[Opening INFORMATION PROVIDED section]
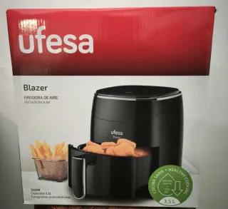 Freidora de aire Ufesa Blazer en color negro. Cuenta con una capacidad de 3.5 litros y una potencia de 1200W. - 9 programas preestablecidos. - Cocina saludable con menos aceite. En su caja, sin desprecintar
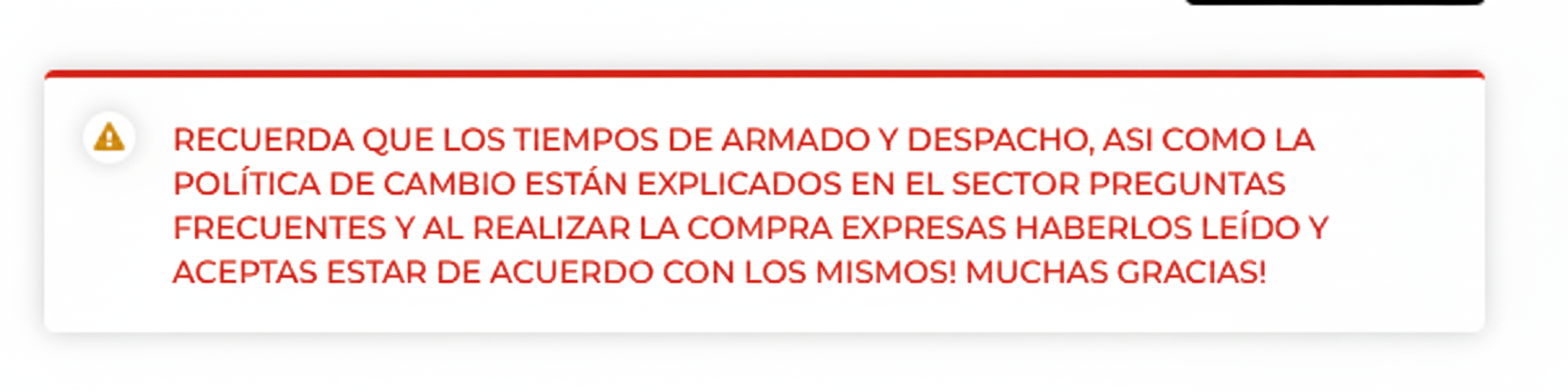 Al realizar una compra aceptas los terminos y condiciones aqui explicitados sobre los tiempos de armado y despacho.
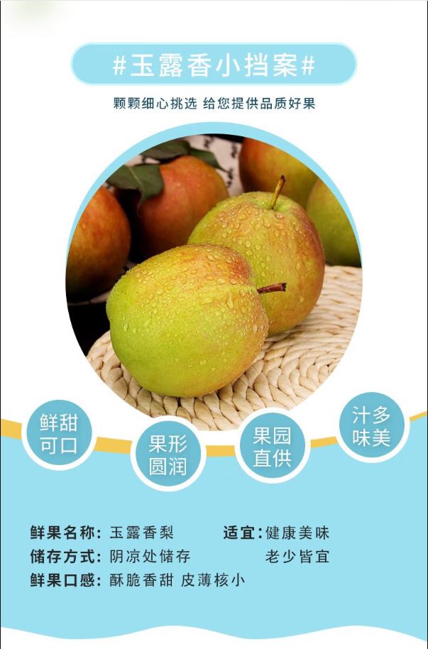 產(chǎn)地:?西 規(guī)格:4.5? 上市時間:9?中旬 特點(diǎn):酥脆?渣,果?如雪 營養(yǎng):富含鈣、硒、磷、鐵、氨基酸 儲存:冷藏
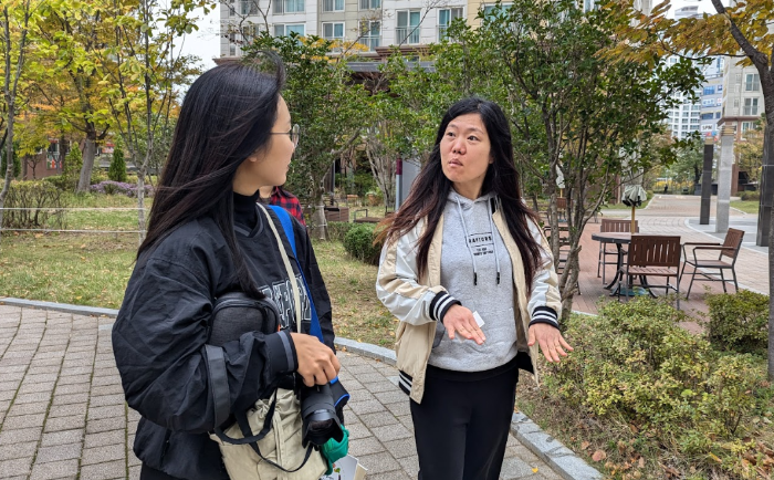 아파트 관리소장님(왼쪽)과 탐방 중에 만난 주민(오른쪽) 텃밭이 없었으면 이웃간 대화도 시작되지 않았을 거라고 한다.
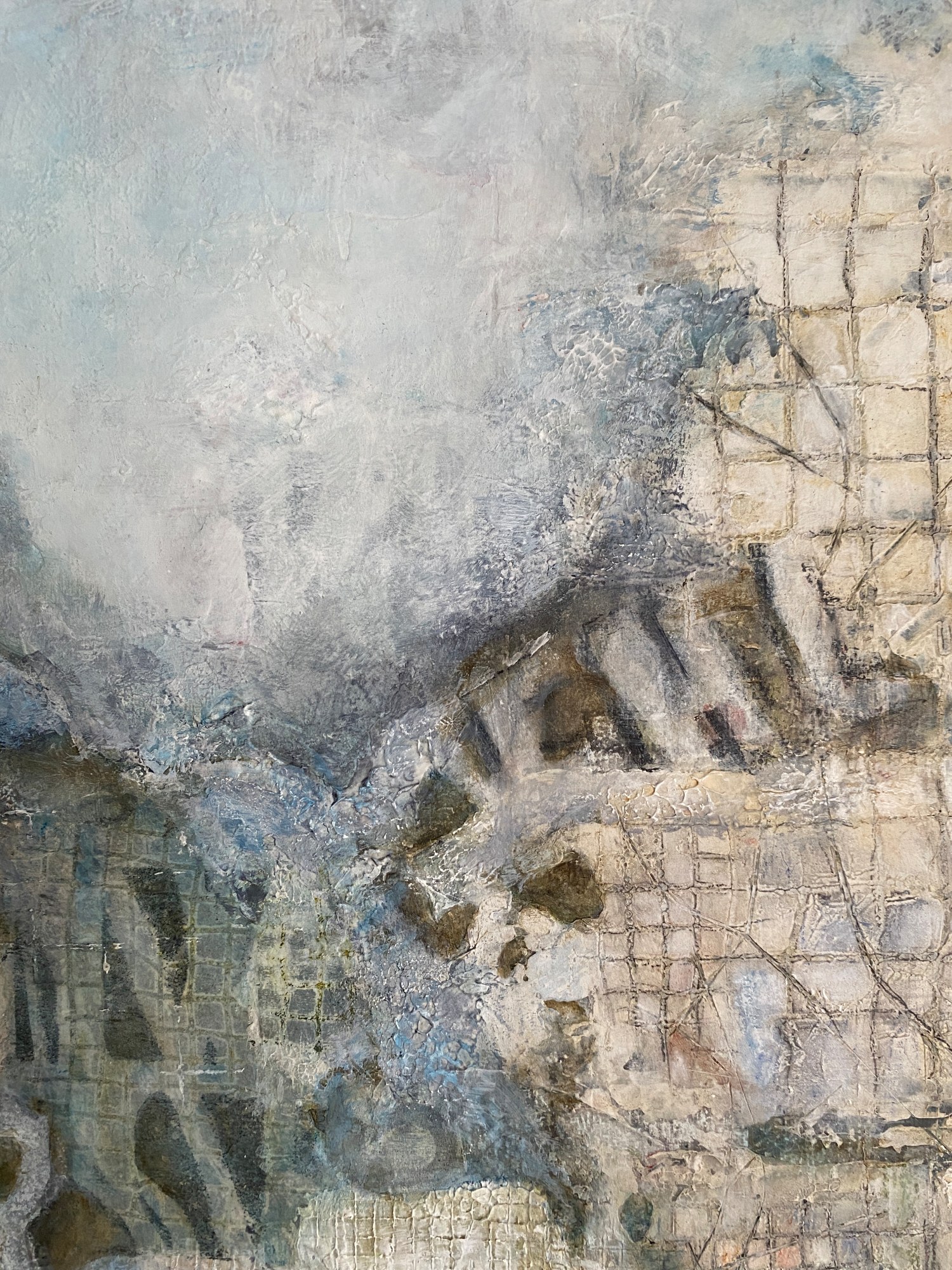 This original acrylic painting with collage and other mediums on gallery wrapped canvas is wired, and ready to hang. The imagery wraps around the sides for seamless viewing.
[Closing INFORMATION PROVIDED section]
• _TASK PROMPT_: Please output, exactly and with no pictures, only the lines from the one containing "產(chǎn)地:?西 規(guī)格:4.5? 上市時間:9?中旬" through the final line of the records above.

• _TASK SOLUTION_:
 產(chǎn)地:?西 規(guī)格:4.5? 上市時間:9?中旬 特點(diǎn):酥脆?渣,果?如雪 營養(yǎng):富含鈣、硒、磷、鐵、氨基酸 儲存:冷藏
 아파트 관리소장님(왼쪽)과 탐방 중에 만난 주민(오른쪽) 텃밭이 없었으면 이웃간 대화도 시작되지 않았을 거라고 한다.
 This original acrylic painting with collage and other mediums on gallery wrapped canvas is wired, and ready to hang. The imagery wraps around the sides for seamless viewing.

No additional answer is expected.